**What you should do**
In the data below, reproduce everything exactly except the images.

**Available data**
____________________

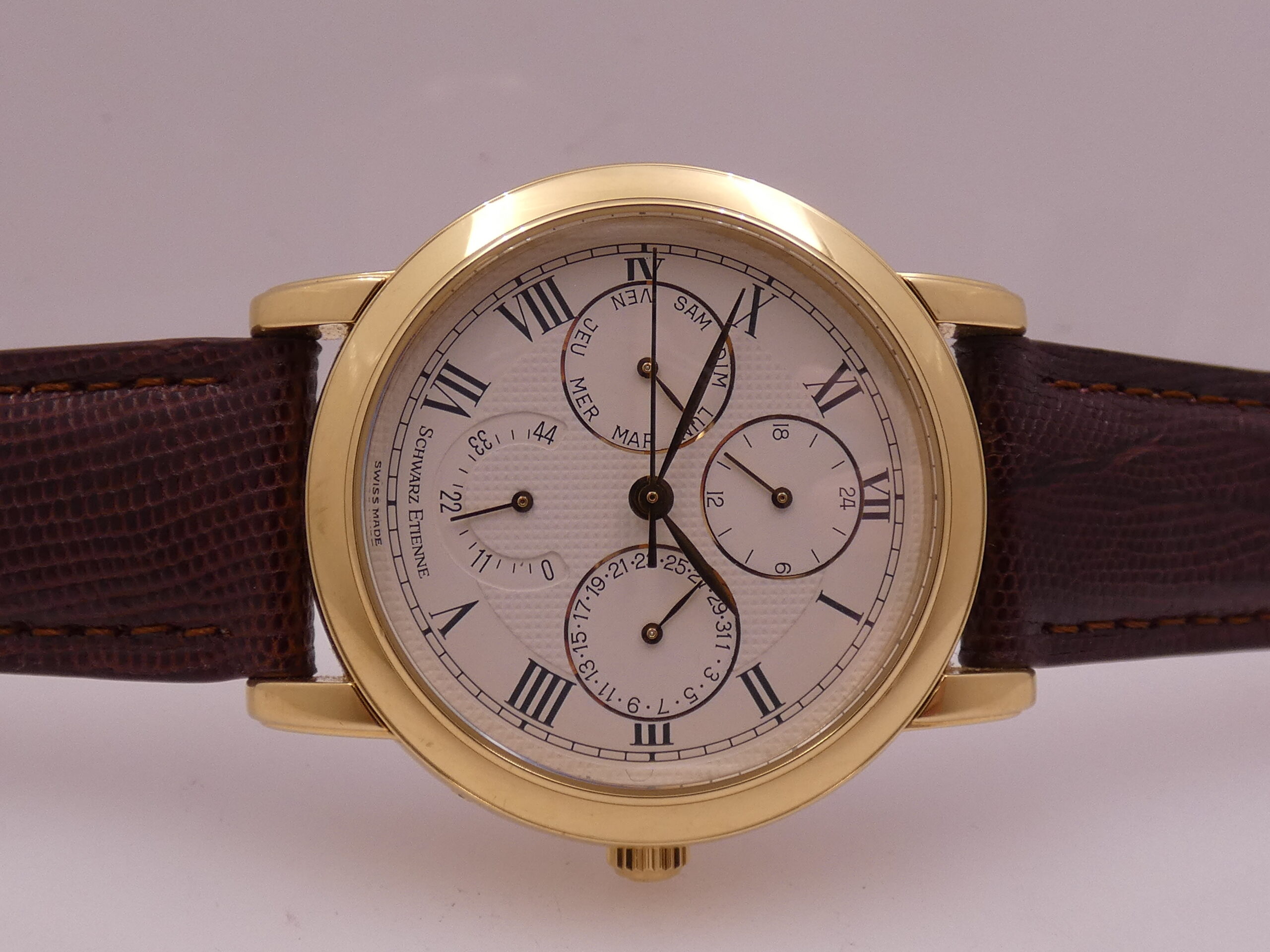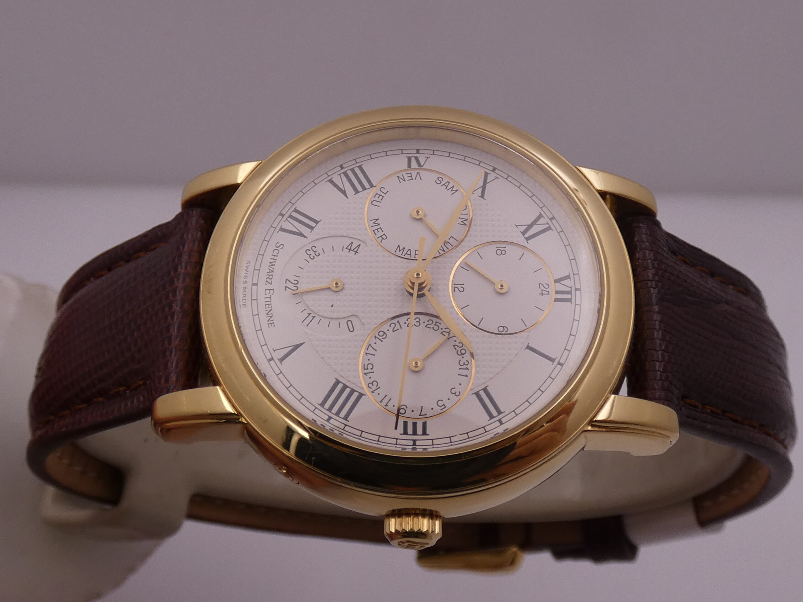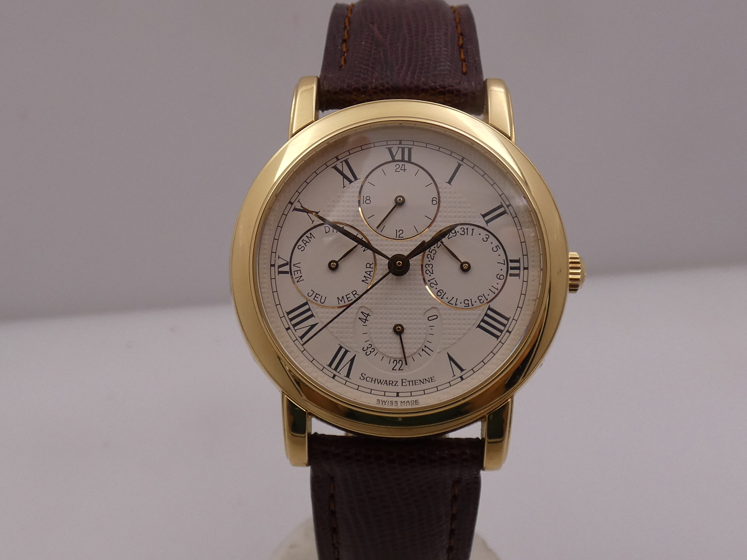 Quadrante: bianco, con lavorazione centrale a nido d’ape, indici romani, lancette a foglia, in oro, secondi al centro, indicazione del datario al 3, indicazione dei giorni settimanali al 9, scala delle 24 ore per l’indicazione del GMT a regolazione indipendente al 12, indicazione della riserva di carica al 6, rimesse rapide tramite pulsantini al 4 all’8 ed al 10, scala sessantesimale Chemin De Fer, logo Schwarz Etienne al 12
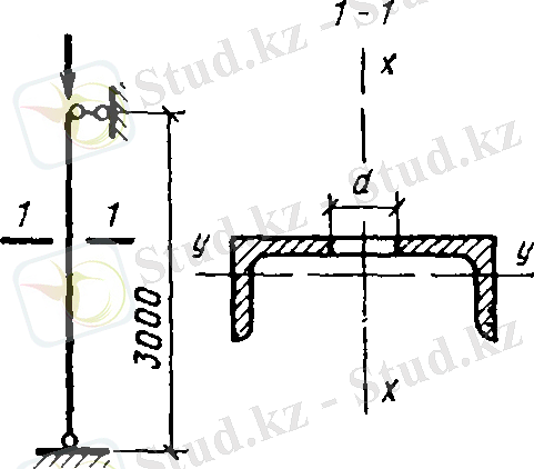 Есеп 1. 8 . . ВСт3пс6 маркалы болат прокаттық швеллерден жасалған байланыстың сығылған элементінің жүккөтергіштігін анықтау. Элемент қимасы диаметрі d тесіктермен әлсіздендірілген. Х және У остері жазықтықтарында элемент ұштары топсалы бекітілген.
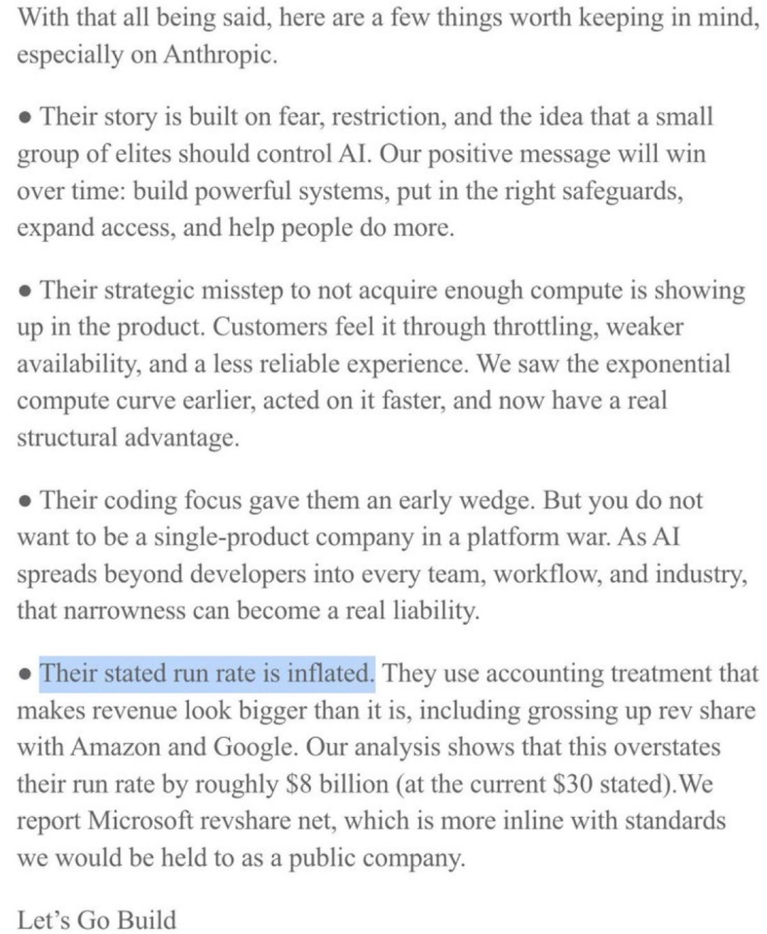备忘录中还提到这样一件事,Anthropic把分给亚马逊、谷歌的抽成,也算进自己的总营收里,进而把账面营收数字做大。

____________________

**Written response**
 Quadrante: bianco, con lavorazione centrale a nido d’ape, indici romani, lancette a foglia, in oro, secondi al centro, indicazione del datario al 3, indicazione dei giorni settimanali al 9, scala delle 24 ore per l’indicazione del GMT a regolazione indipendente al 12, indicazione della riserva di carica al 6, rimesse rapide tramite pulsantini al 4 all’8 ed al 10, scala sessantesimale Chemin De Fer, logo Schwarz Etienne al 12
 Есеп 1. 8 . . ВСт3пс6 маркалы болат прокаттық швеллерден жасалған байланыстың сығылған элементінің жүккөтергіштігін анықтау. Элемент қимасы диаметрі d тесіктермен әлсіздендірілген. Х және У остері жазықтықтарында элемент ұштары топсалы бекітілген.
备忘录中还提到这样一件事,Anthropic把分给亚马逊、谷歌的抽成,也算进自己的总营收里,进而把账面营收数字做大。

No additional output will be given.